When Neo leaves the training program, his new shipmate Mouse slyly confides that he created the woman in the red dress, and that she’s available for other encounters. It’s not exactly a secret that many trans people obsess over the glamour of their target gender, trying to discover and replicate its secrets.

In her speech to the Human Rights Campaign, Wachowski talks about spending hours trying on dresses in the wardrobe closet of her high school drama club. I have similar memories, and when I saw the Matrix I had spent the previous year and a half working on my own animated virtual women, one of whom was sort of blonde (and neither of whom turned out anywhere near as sexy as the Woman in the Red Dress). Like Mouse – and Wachowski – I had very good reasons for doing it, but those reasons don’t preclude others.

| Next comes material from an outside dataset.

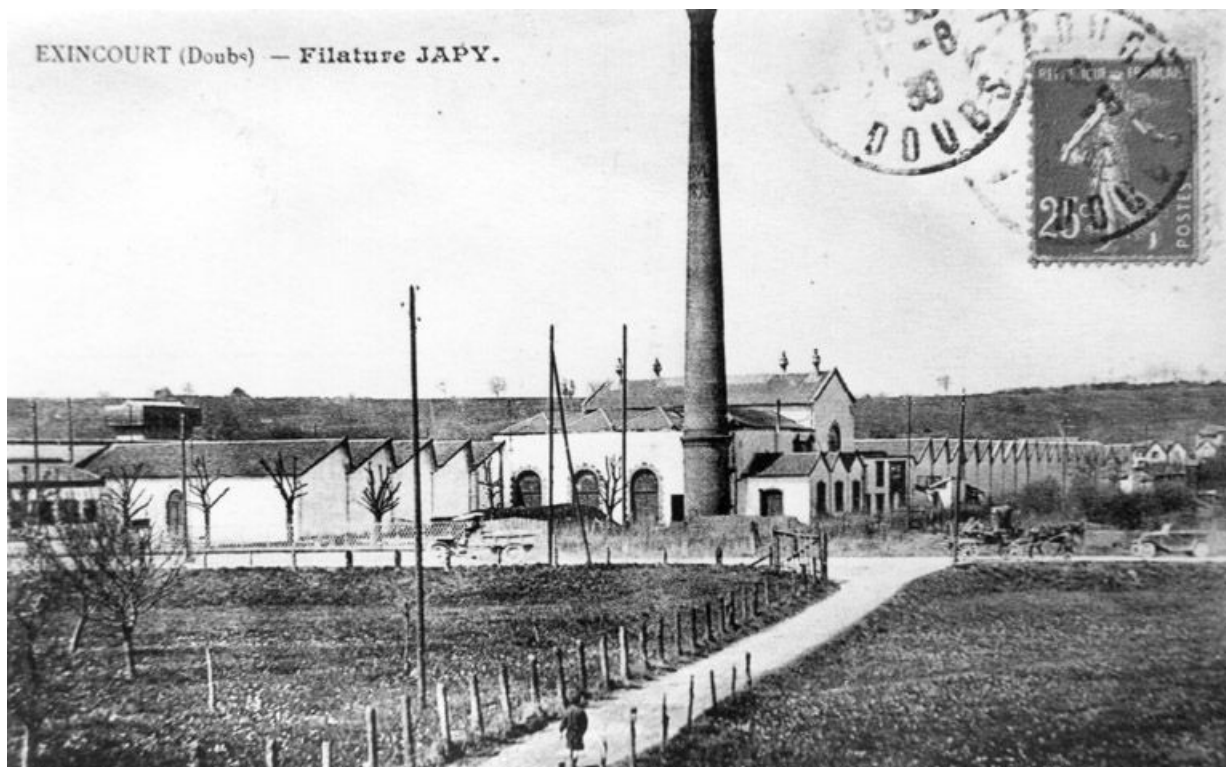
Exincourt (Doubs). Filature Japy.

Again, I’m not saying that all trans people are dissociative or obsessed with the glamour of their target gender, but these are themes we hear from lots of trans people. I wasn’t entirely surprised with the rumors and later revelations about Wachowski, because I had recognized a kindred spirit.

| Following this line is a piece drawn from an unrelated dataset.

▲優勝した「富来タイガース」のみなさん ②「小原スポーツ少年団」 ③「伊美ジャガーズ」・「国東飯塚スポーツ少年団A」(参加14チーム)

“Trans women” and the erasure of transvestites

Transgender politics is notoriously full of terminological arguments. It’s an age-old expression of power: the right to decide which categories people get put in, who belongs and who doesn’t, who is condemned and who is spared, who is mocked and who is praised.

These arguments are compounded by the problems that we humans have in categorizing anything in a way that we can agree on. Last week I had a chance to talk with George Lakoff, who has done a lot to raise awareness of the problems with traditional definitions of categories, and he agreed that these problems have a greater impact when it comes to categorizing people.

Because of this, I generally try to avoid talking about transgender people, and instead focus on trans feelings, beliefs and actions. Unfortunately, the rest of the trans world hasn’t seen the value in this, and keeps arguing about how to categorize people. One of the worst things people do is to apply their categories uncritically to people from other cultures at other times, without their approval or consent.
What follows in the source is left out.